*YOUR OBJECTIVE:* No picture belongs in the answer, which must hold exactly the lines from the one with "Lassen Sie sich" through the final line below.

** RECORDED INFORMATION follows **

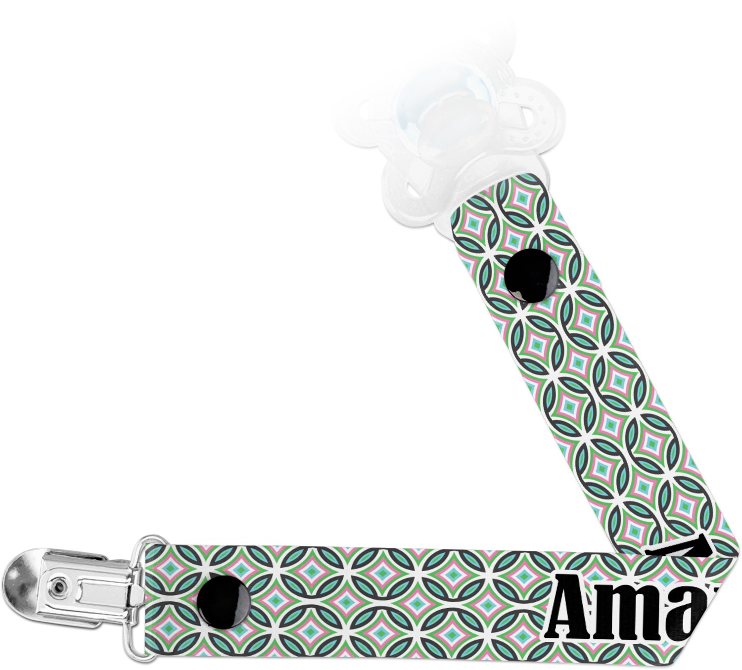 This personalized pacifier clip is the ideal size and measures at approximately 7.5 inches in length, when either end is snapped closed. On one end, you'll find a snap button. This button of your baby's pacifier holder is what can be attached to their pacifier to hold is securely in place. Simply open the snap, slip it through the pacifier opening, and snap it back into place. On the opposite end of this baby pacifier holder, you'll find a metal clip that can secure to a baby's collar or sleeve. This clip ensures that the strap stays in place, and that your baby's pacifier is always on hand.
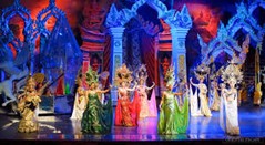Lassen Sie sich am Abend von einmaligen Buehnenbildern und schillernden, farbenfrohen und atemberaubenden Kostuemen mit Gesang und Tanz verzaubern.
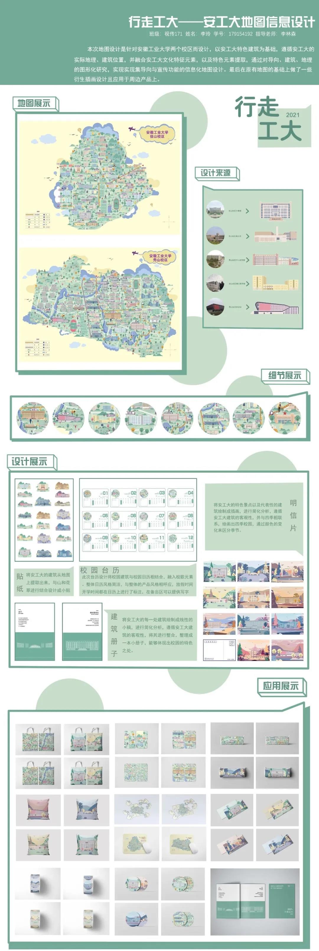 两个校区而设计,以安工大特色建筑为基础,遵循安工大的实际地理、建筑位置,并融合安工大文化特征元素,以及特色元素提取,通过对导向、建筑、地理的图形化研究,实现实现集导向与宣传功能的信息化地图计。最后在原有地图的基础上做了一些衍生插画设计且应用于周边产品上。

** End of RECORDED INFORMATION **

*RESPONSE TO THE TASK:*
Lassen Sie sich am Abend von einmaligen Buehnenbildern und schillernden, farbenfrohen und atemberaubenden Kostuemen mit Gesang und Tanz verzaubern.
 两个校区而设计,以安工大特色建筑为基础,遵循安工大的实际地理、建筑位置,并融合安工大文化特征元素,以及特色元素提取,通过对导向、建筑、地理的图形化研究,实现实现集导向与宣传功能的信息化地图计。最后在原有地图的基础上做了一些衍生插画设计且应用于周边产品上。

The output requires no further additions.